Silver Sword connects national student lenders like Sallie Mae with community banks and credit unions that can sell co-branded products. In those cases, the institution gets a fee for providing the storefront that sells the loans, but it doesn't use its own money.

"Our credit union business is booming," he said. But more and more credit unions, sitting on a lot of cash and with a mandate to lend, want to transition into making the loans themselves.

And with that in mind, a court opinion like this is good news. But Mullowney noted that the law, while offering protections now, might not always be so strong.

Public sympathy is on the side of students struggling to repay enormous loans – and for good reason, he added, although those giant bills are more the fault of universities' astronomical tuition increases, not lenders' terms. If the law takes away lenders' ability to recoup that money after a bankruptcy filing, "that'd be a game-changer."

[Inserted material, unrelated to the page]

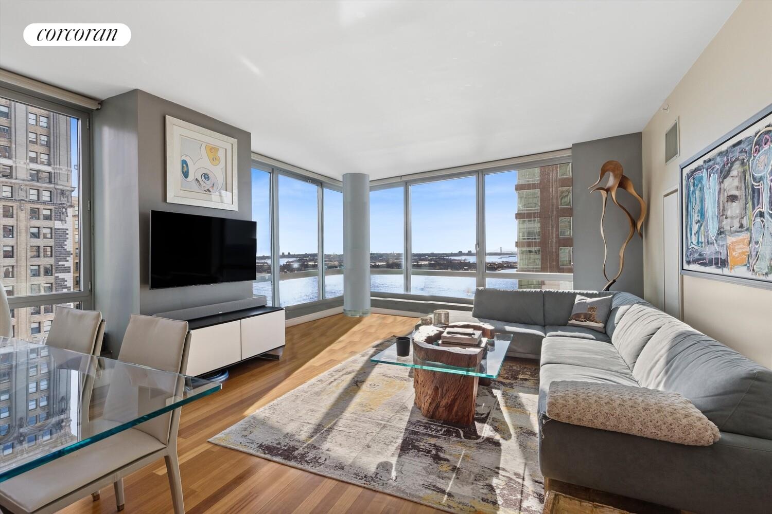 First time on the market! Welcome to Apt 26E - the largest and most coveted southeast corner two-bedroom line at Millennium Tower Residences in Battery Park City. With floor-to-ceiling windows and open sky exposure, this home is flooded with natural light all day and frames breathtaking panoramas of New York Harbor, Governor's Island, Battery Park, and the Statue of Liberty.
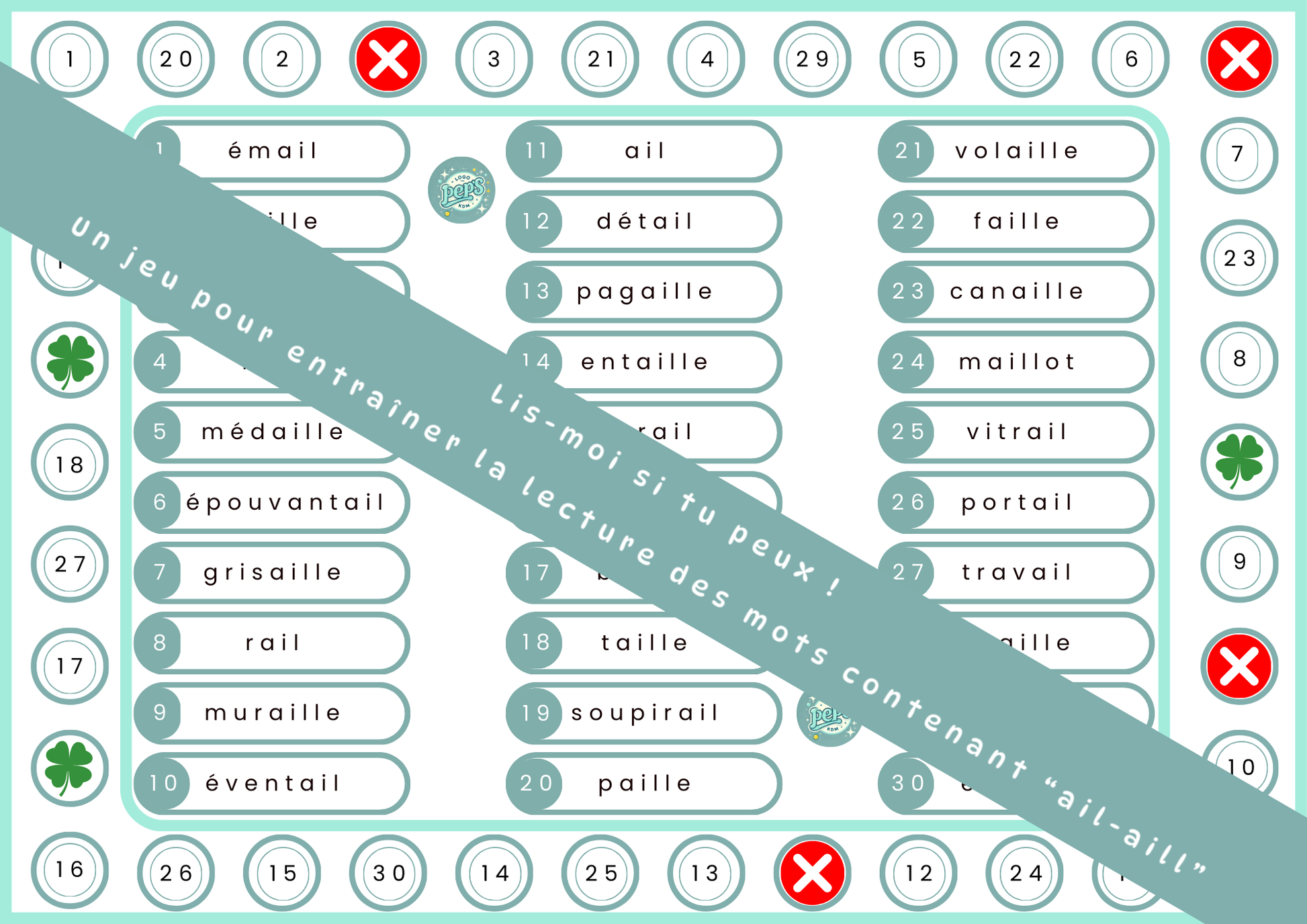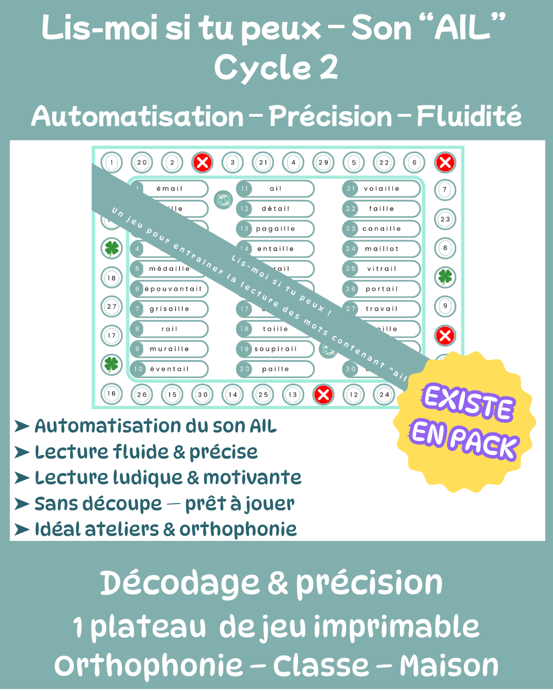 Un jeu de lecture ludique, stratégique et ultra-ciblé pour automatiser la lecture des mots contenant AIL / AILLE tout en s’amusant !

"I'm not sure that lenders would be as excited about the opportunity [to make student loans if the law were changed]," he said.

For now, legal experts urge lenders to improve their knowledge of bankruptcy law. David Reed, a partner at Virginia-based Reed & Jolly, authored a "Bankruptcy Guide for Credit Unions," that institutions can buy and use as a tutoring device. It doesn't substitute for legal help, Reed said, but the important first step is to have employees in-house who are well-versed enough to see red flags and know whether they can pursue them.

Reed acknowledged that the legal costs usually were enough to scare credit unions away from arguing cases like this, but he urged institutions to share their struggles with their professional organizations and get as much help, financial or otherwise, as possible. Institutions will only get better guidance and protections if they decide to fight back.

"Unless you litigate it, nothing changes," he said, adding, "My hat's off - kudoes to this credit union."